What you are asked to do
Only the lines from the one with "10月19日上午,复旦大学党" through the end of the data below belong in the answer, restated word for word, pictures excluded.

Dataset content
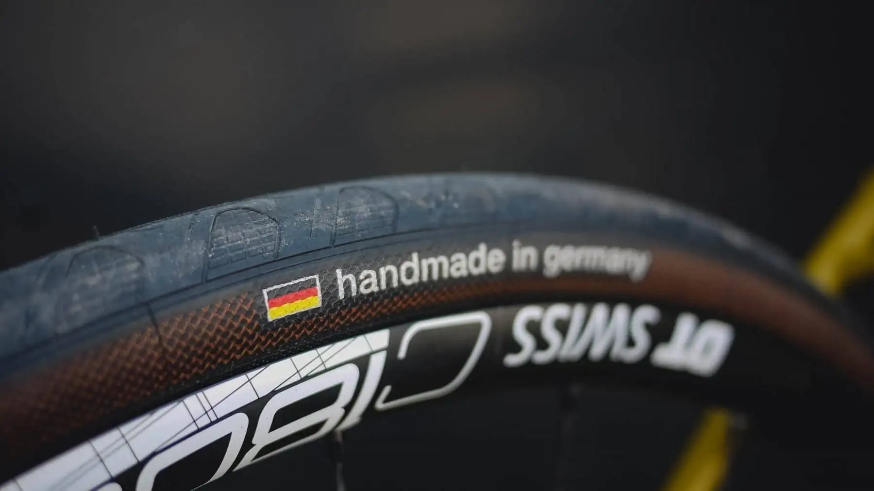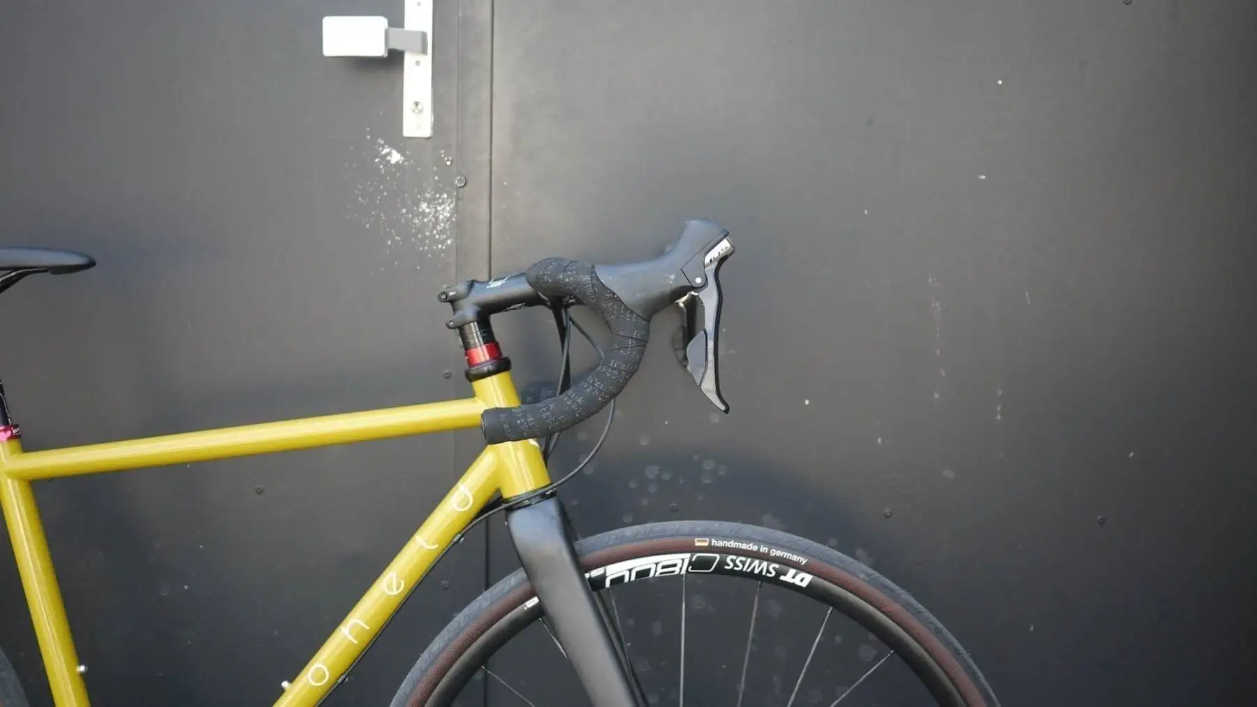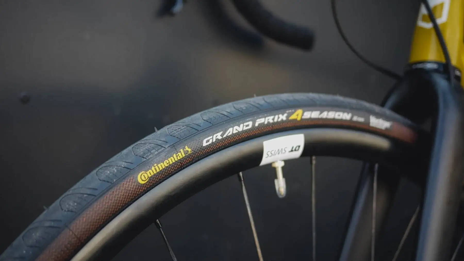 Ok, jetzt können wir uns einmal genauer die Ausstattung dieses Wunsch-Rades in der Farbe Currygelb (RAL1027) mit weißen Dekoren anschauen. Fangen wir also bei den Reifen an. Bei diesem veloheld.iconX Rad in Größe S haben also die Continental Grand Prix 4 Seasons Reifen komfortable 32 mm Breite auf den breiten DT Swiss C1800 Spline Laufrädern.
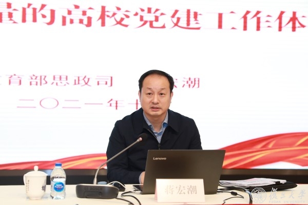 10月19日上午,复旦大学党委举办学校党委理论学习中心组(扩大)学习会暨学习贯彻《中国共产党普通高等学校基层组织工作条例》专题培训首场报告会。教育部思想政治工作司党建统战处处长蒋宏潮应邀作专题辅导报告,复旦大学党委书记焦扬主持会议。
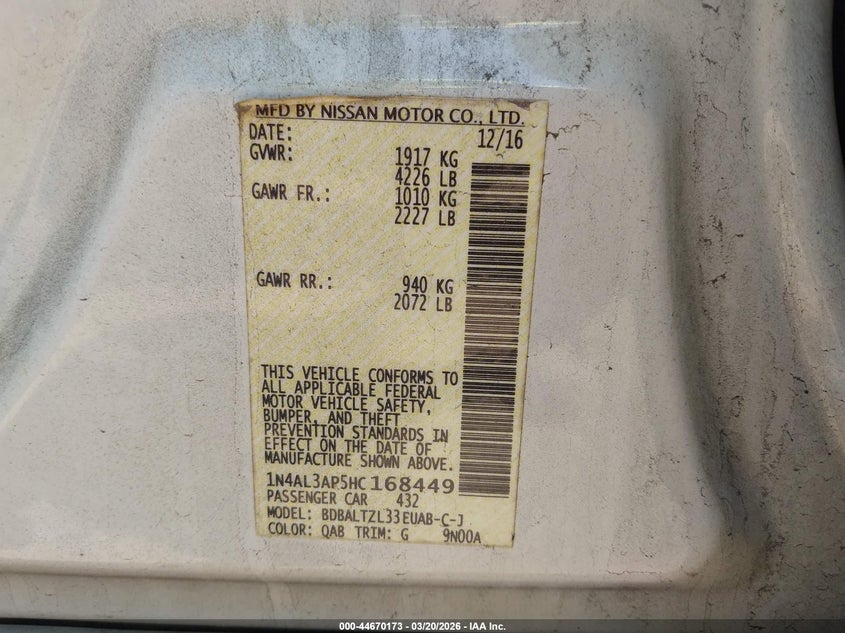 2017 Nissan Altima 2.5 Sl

Response to the exercise
 10月19日上午,复旦大学党委举办学校党委理论学习中心组(扩大)学习会暨学习贯彻《中国共产党普通高等学校基层组织工作条例》专题培训首场报告会。教育部思想政治工作司党建统战处处长蒋宏潮应邀作专题辅导报告,复旦大学党委书记焦扬主持会议。
 2017 Nissan Altima 2.5 Sl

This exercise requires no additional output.